A porta fechou. O silêncio ficou ensurdecedor. Liam permaneceu parado. Sozinho. O olhar fixo na cidade.

Um tempo depois, Liam estava em sua sala, encarando a tela do notebook sem realmente enxergar nada. A porta se abriu sem cerimônia.

— Mozão… — Olívia entrou já folheando o contrato no tablet. — Me ajuda com esse contrato aqui. Tem uma cláusula de confidencialidade que está estranha. A multa por quebra unilateral está muito abaixo do padrão da holding… parece erro de revisão ou alguém mexeu depois da aprovação.

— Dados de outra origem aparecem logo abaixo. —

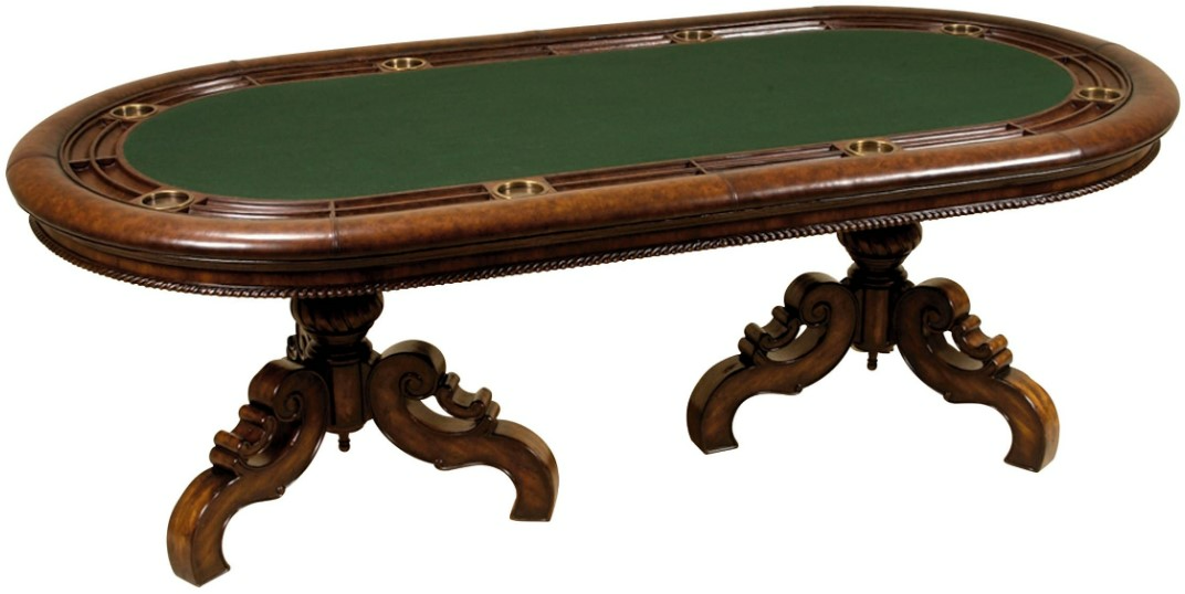 Step up your game night with the Texas Hold'Em Game Table. This stunning piece features a Dark Antique Lido finish that adds elegance to any space. With its green felt and leather top, it's perfect for hosting unforgettable poker nights. Add a touch of sophistication to your game room with this stylish and functional table.Read More
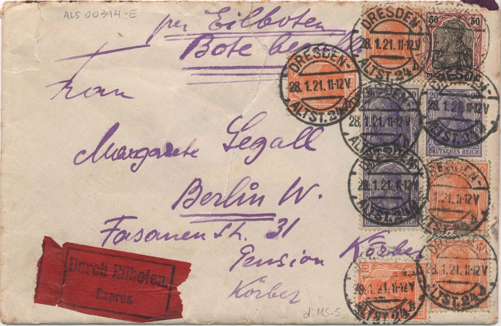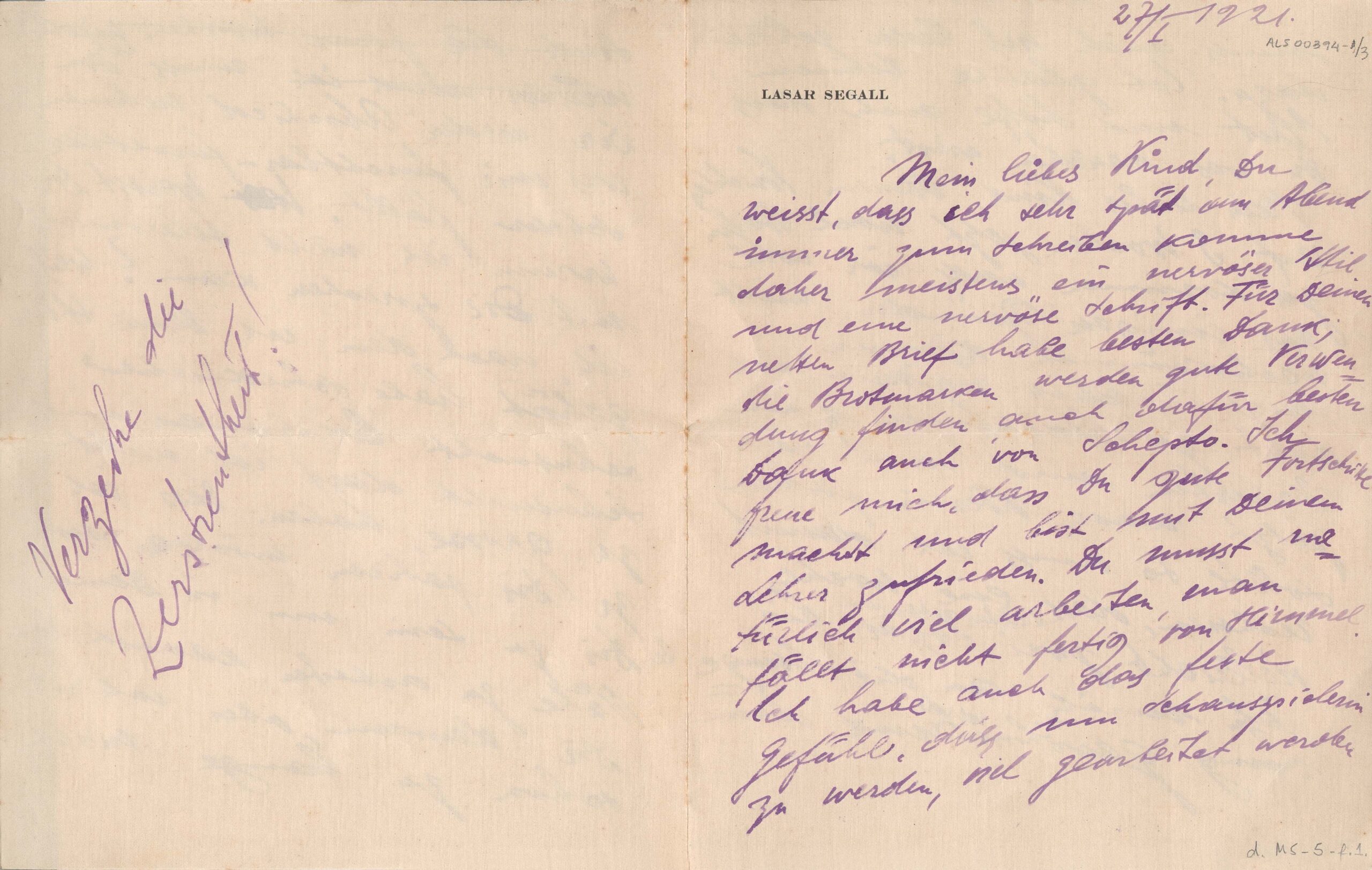 ALS Envelope: (Cartas de Segall para Margarete - 1921). Doação Margarete Suhr. [letra Vera dHorta]

Liam ergueu os olhos devagar. Pensativo. Silencioso demais. Olívia parou no meio da sala.

— Aconteceu alguma coisa? — perguntou, franzindo levemente a testa.

— Não. — ele respondeu rápido demais. — Não aconteceu nada.

Ela inclinou a cabeça.

— Seu semblante não diz isso. — deu dois passos na direção dele. — Como foi a reunião? Algum problema grave?

Liam sustentou o olhar dela por um segundo.

— Nada que você precise se preocupar. Está tudo sob controle.

Olívia cruzou os braços, desconfiada.

— Amor… eu te conheço. O que está acontecendo?

Ele respirou fundo.

— Amor, eu estou bem. — ela disse, firme, afastando as mãos dele com delicadeza. — Você sabe o quanto eu gosto de trabalhar.

— Mas ultimamente você tem ficado cansada. — ele insistiu, passando o polegar pela barriga dela num gesto protetor. — Acho melhor essa pausa.

Olívia estreitou os olhos, estudando cada microexpressão dele.

— Você está dizendo isso porque não estamos transando como antes? — disparou, erguendo levemente uma sobrancelha.

Liam fechou os olhos por um segundo, respirando fundo antes de responder. Quando abriu, o olhar estava sério.

— Amor… por favor. — disse, apoiando as mãos na cintura dela para mantê-la próxima. — Não volta nesse assunto. Isso já está resolvido entre nós. — A voz ficou mais baixa, controlada. — Eu só estou pensando na orientação do doutor Luiz sobre você descansar.

Olívia saiu do colo dele devagar.

— Eu não vou deixar você sozinho nessa empresa. Nem vem, Liam Holt. — apontou para ele. — Eu sei como as mulheres estão aguardando eu sair de cena para dar o bote.

Ele levantou também.

— Vida, de qualquer maneira você vai ter que se ausentar. Vai tirar licença maternidade.

Ela pegou o tablet sobre a mesa.

— Eu vou pra minha sala. — disse, firme. — Porque hoje você está impossível. — Deu a volta na mesa. — Vou mandar o contrato para o seu e-mail com as minhas dúvidas. Dá uma atenção nele pra eu finalizar. Você sabe que eu não aceito erros. — jogou um beijo no ar. — Te amo.

E saiu da sala. A porta se fechou. O silêncio voltou. Liam caminhou até a parede de vidro e ficou pensativo olhando a cidade.

Por volta das dezoito horas, Edgar estava em sua sala no hospital, ao lado de Laura. O envelope com o resultado repousava sobre a mesa. A porta se abriu. Ísis entrou primeiro, Alex logo atrás, a mão firme na cintura dela.

— Eu não consegui trabalhar o dia inteiro por causa desse resultado. — disse, nervosa. — Já saiu?

Edgar assentiu em silêncio. Pegou o envelope sobre a mesa e estendeu para ela. Ísis respirou fundo antes de abrir. Os dedos tremiam levemente. Ela puxou o laudo, os olhos correndo pelas linhas técnicas… até parar.

O ar ficou preso no peito. Ela leu de novo. E então levantou o olhar, completamente abalada.

— Meu Deus… — sussurrou, a voz saindo falha. — Você é meu irmão.